1987 children's book by Patricia Beatty

Charley Skedaddle is a children's fiction book by Patricia Beatty. The book was first released in 1987 through Troll Associates, later winning the 1988 Scott O'Dell Award for Historical Fiction. Charley Skedaddle is based on true American Civil War records.

==Synopsis==
The book follows Charley, a twelve-year-old boy who runs errands for the leader of the Bowery Boys. Then he decides to leave home after joining the Bowery Boys gang and causing trouble. All Charley wants is to be like his older brother Johnny, who was killed during the Battle of Gettysburg, so he leaves behind his gang life to join the 140th Regiment. He is initially eager to fight, but flees shortly after shooting a Rebel soldier. Ashamed, Charley keeps running and is captured by an enemy soldier but later flees again after gaining a chance to escape. He keeps running until he reaches the Blue Ridge Mountains, where he lives with Granny Bent, an elderly mountain woman who calls herself a "doctor-woman". Charley learns much from her and gains a new sense of maturity and self-respect.
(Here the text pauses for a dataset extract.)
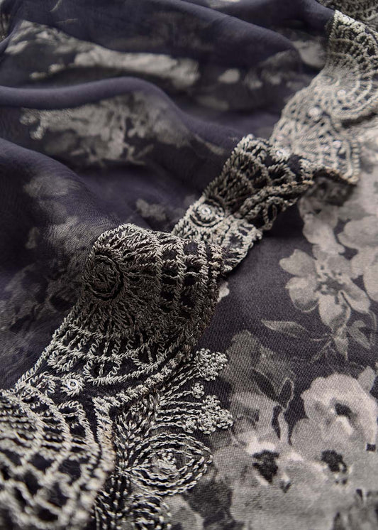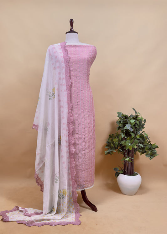 Blue Embroidered Unstitched Mulmul Suit With Scalloped Border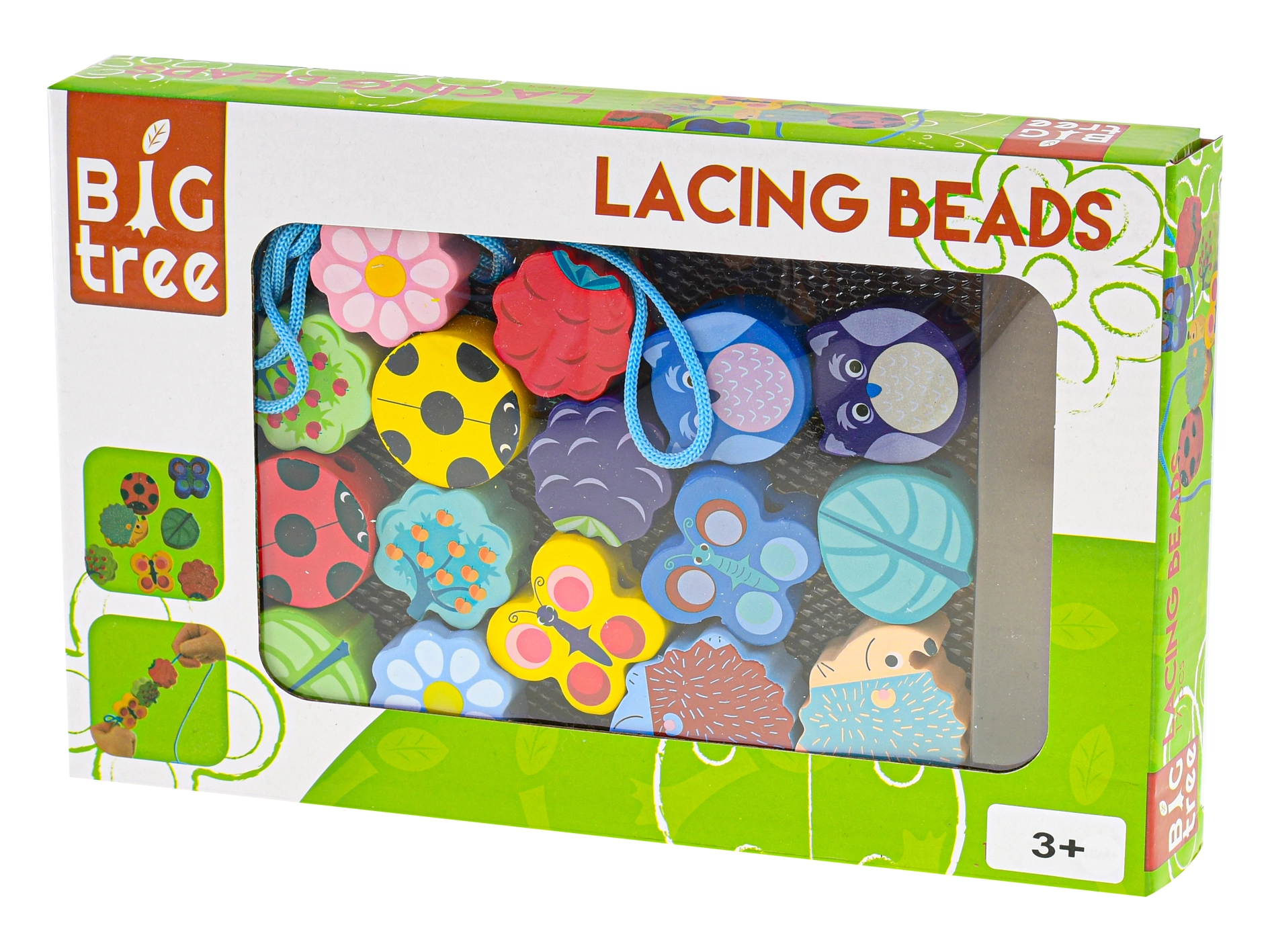 The Big Tree wooden beads set is an ideal toy for first crafting activities. Children can thread different shapes and colors according to their imagination, developing patience, concentration, and basic logical thinking. High-quality wood with a smooth surface and safe finish feels pleasant in small hands and withstands everyday use.

He is inevitably forced to flee again but with the knowledge that what he has gained from his time in the mountains will go with him.

==Reception==
Reception for Charley Skedaddle was positive, with the book receiving the 1988 Scott O'Dell Award for Historical Fiction.

The book is utilized in many classrooms, with teachers using it to help inform students about the American Civil War.